Завизжав, она вспрыгнула на него и стала душить короткими, крепкими поцелуями, на которые он не успевал отвечать. Смешно: чужая, а так целует! Крепко сжал ее руками, вдруг лишив ее возможности двигаться, и некоторое время молча, сам не двигаясь, держал так, точно испытывал силу покоя, силу женщины — силу свою. И женщина покорно и радостно немела в его руках.
— Ну, ладно! — сказал он и вздохнул незаметно.
И вновь металась женщина, горя в дикой радости своей, как в огне. И так наполнила своими движениями комнатку, как будто не одна, а несколько таких полубезумных женщин говорило, двигалось, ходило, целовало. Поила его коньяком и пила сама. Вдруг спохватилась и даже всплеснула руками.

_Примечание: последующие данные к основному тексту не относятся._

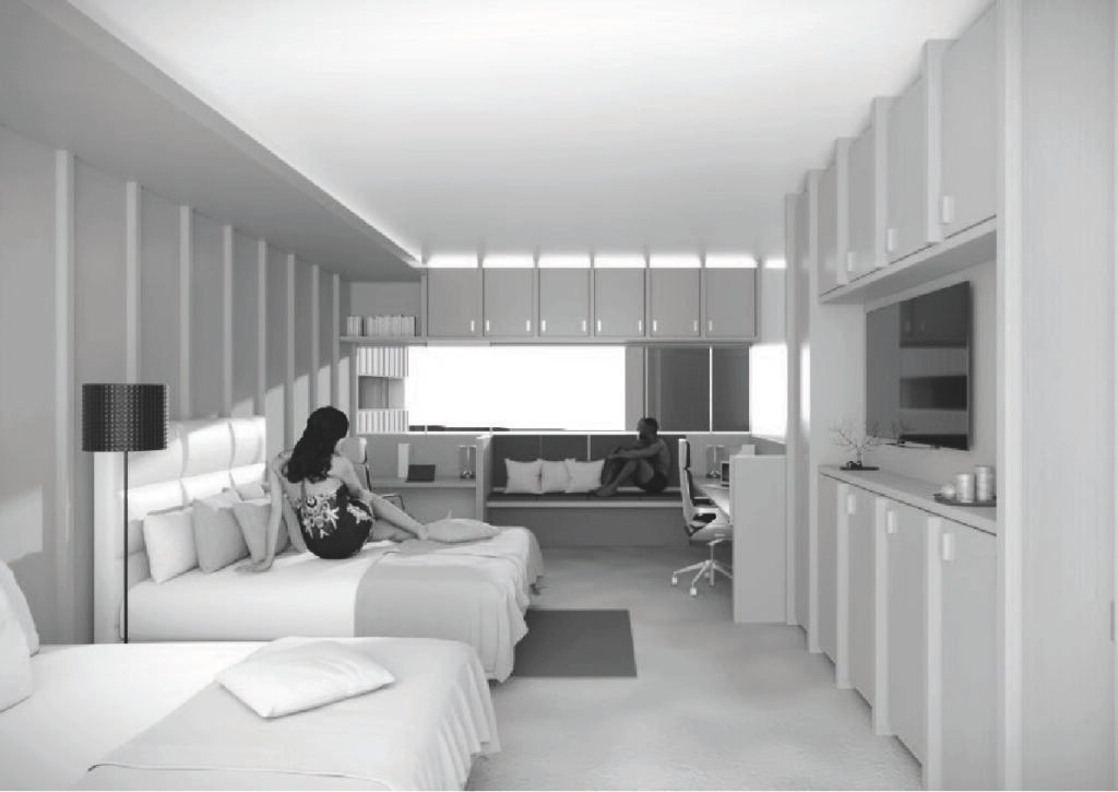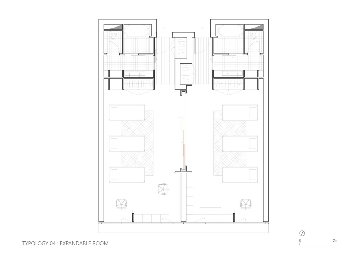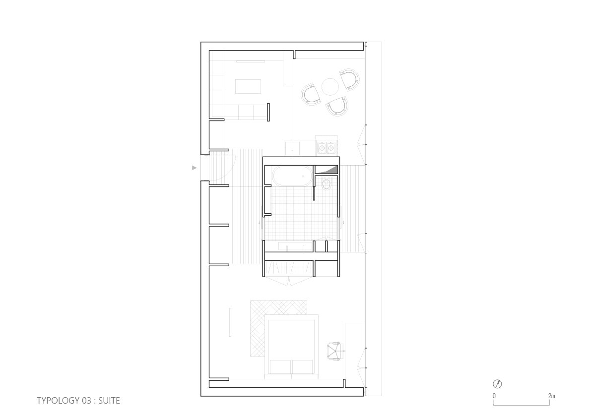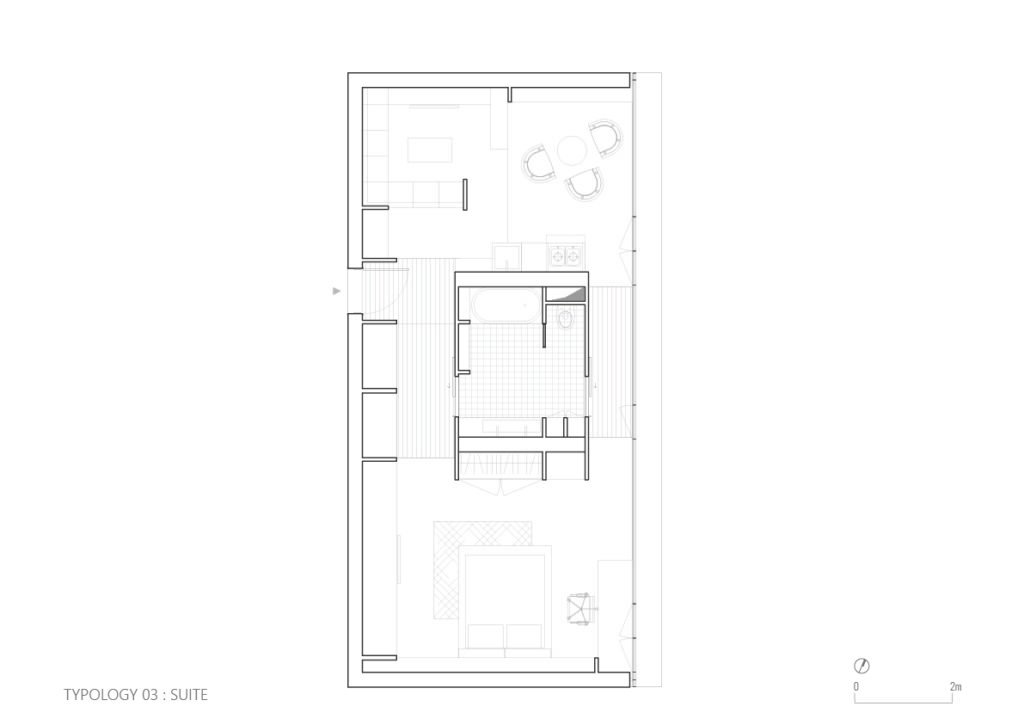 • Bathrooms and wall-integrated storage are positioned along the north facade to reinforce acoustic insulation.

— А револьвер! А револьвер-то мы и забыли! Давай, давай скорее, нужно его отнести в контору.
— Зачем?
— Ну его, боюсь я этих вещей. А вдруг выстрелит?
Он усмехнулся и повторил:
— А вдруг выстрелит? Да. А вдруг выстрелит! Вынул револьвер и несколько медленно, точно меряя рукою тяжесть спокойного, послушного оружия, передал его девушке. Достал и обоймы.
— Неси.
И когда остался один, без револьвера, который носил столько лет, с полуоткрытой дверью, в которую неслись издали чужие, незнакомые голоса и тихое позвякивание шпор, — почувствовал он всю громаду бремени, которое взвалил на плечи свои. Тихо прошелся по комнате и, обратясь лицом в сторону, где должны были находиться те, произнес:
— Ну?
И застыл, сложив руки на груди, обратив глаза в сторону, где должны были находиться те. И было в этом коротеньком слове много: и последнее прощание, и глухой вызов, и бесповоротная, злая решимость бороться со всеми, даже со своими, и немного, совсем немного тихой жалобы.

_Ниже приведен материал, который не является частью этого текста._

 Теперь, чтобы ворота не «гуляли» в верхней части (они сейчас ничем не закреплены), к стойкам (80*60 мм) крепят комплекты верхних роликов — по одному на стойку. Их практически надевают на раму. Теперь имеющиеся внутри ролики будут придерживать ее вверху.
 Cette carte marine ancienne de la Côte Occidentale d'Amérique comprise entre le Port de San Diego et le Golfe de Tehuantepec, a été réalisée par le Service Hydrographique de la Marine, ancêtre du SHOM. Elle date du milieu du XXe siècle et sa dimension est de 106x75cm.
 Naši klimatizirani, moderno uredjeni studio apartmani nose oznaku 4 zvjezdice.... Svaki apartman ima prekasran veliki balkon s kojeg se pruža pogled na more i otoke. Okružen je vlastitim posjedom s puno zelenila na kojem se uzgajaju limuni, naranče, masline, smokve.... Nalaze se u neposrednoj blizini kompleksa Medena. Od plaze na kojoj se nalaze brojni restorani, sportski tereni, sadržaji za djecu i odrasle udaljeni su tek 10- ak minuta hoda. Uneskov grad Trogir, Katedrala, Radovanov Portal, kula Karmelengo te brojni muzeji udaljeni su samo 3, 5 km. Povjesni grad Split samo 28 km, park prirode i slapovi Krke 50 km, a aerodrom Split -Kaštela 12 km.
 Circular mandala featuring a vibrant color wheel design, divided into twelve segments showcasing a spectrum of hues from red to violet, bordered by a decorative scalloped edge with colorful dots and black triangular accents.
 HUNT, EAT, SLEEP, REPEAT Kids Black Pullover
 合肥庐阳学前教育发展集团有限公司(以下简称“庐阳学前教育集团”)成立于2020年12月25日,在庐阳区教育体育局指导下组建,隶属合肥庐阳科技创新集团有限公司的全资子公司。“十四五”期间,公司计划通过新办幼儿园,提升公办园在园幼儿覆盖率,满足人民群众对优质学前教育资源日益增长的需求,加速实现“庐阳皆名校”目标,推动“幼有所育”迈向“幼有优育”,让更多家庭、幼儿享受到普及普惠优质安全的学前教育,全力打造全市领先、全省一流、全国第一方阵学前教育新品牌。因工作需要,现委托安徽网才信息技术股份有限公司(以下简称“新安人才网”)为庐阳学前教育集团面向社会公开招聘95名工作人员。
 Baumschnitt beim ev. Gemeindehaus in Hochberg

Все также стоял он, когда прибежала Люба и с порога взволнованно заговорила:
— Миленький, ты не рассердишься? Не сердись, я подруг сюда позвала. Так, некоторых. Ничего? Понимаешь: очень мне захотелось им тебя показать, суженого моего, миленького моего. Ничего? Они славные, их нынче никто не взял, и они одни там. А офицеры по комнатам разошлись. А один офицерик видел твой револьвер и похвалил: очень хороший, говорит. Ничего? Миленький, ничего? — душила его девушка короткими, быстрыми, крепкими поцелуями.
А те уже входили, повизгивая, жеманясь, и чинно садились рядом, одна возле другой. Их было пять или шесть самых некрасивых или старых, накрашенных, с подведенными глазами, с волосами, навесом начесанными на лоб.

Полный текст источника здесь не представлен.